Z drugiej strony cóż za piękny przykład totalnej biurokracji...
A czy zamiast karkówki może być "zwykły schab"? A ja ostatnio popełniłam "bigos", czyli kapusta kwaszona z dodatkiem jabłka (sama zakwasiłam) duszona razem z wędzonymi kurzymi skrzydełkami. Do kwaszenia kapusty dodałam oprócz jabłek listek laurowy i ziele angielskie. Po 2 tygodniu miałam już kapustę dobrą do użytku i zrobiłam z niej właśnie ten "bigos".

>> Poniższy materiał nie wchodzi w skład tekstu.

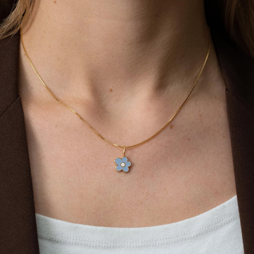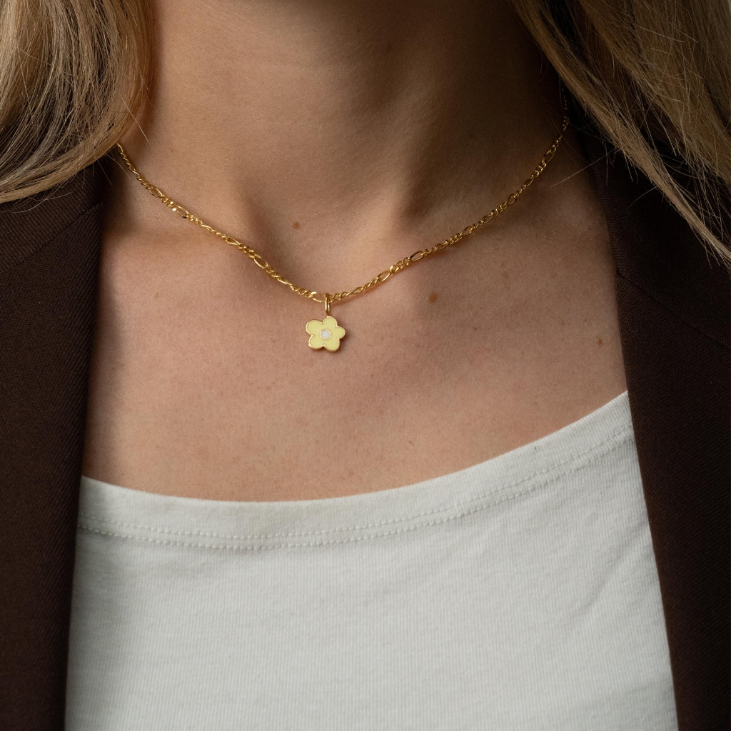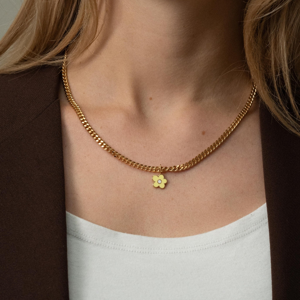 Verleihe deinem Schmuck-Layering ein farbenfrohes Update. Unsere Flower Charms sind mehr als nur Anhänger – sie sind kleine Glücksbringer, die handgefertigt und mit viel Liebe zum Detail entstehen. Durch die hochwertige 18K Mehrfachvergoldung und die Verwendung von recyceltem Gold verbindet dieser Charm modernes Design mit einem bewussten Lifestyle.
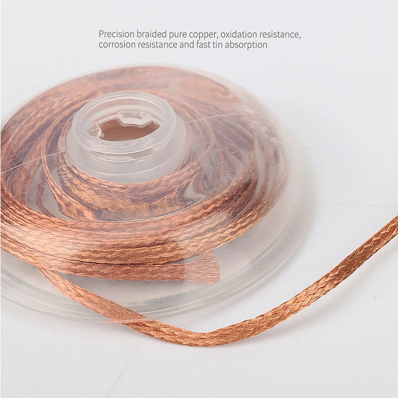 | 1.0mm, 1.5mm, 2.0mm, 2.5mm, 3.0mm, 3.5mm | 1.5m | Cuivre fin | Anti-oxydation, anti-corrosion, effet supérieur pour dessouder rapidement et nettoyer l’étain à souder du PCB |

OdpowiedzUsuńTaaa, pytania zabawne, ale tam obywatelom się wierzy i nikt nie zakłada z góry, że każdy łże. U nas od lat władza każdego traktuje jak potencjalnego krętacza i przestępcę, stąd nawet nie zadają takich pytań.
Miłego, ;)
Oooo, zdecydowałaś się w końcu na wizytę za oceanem :)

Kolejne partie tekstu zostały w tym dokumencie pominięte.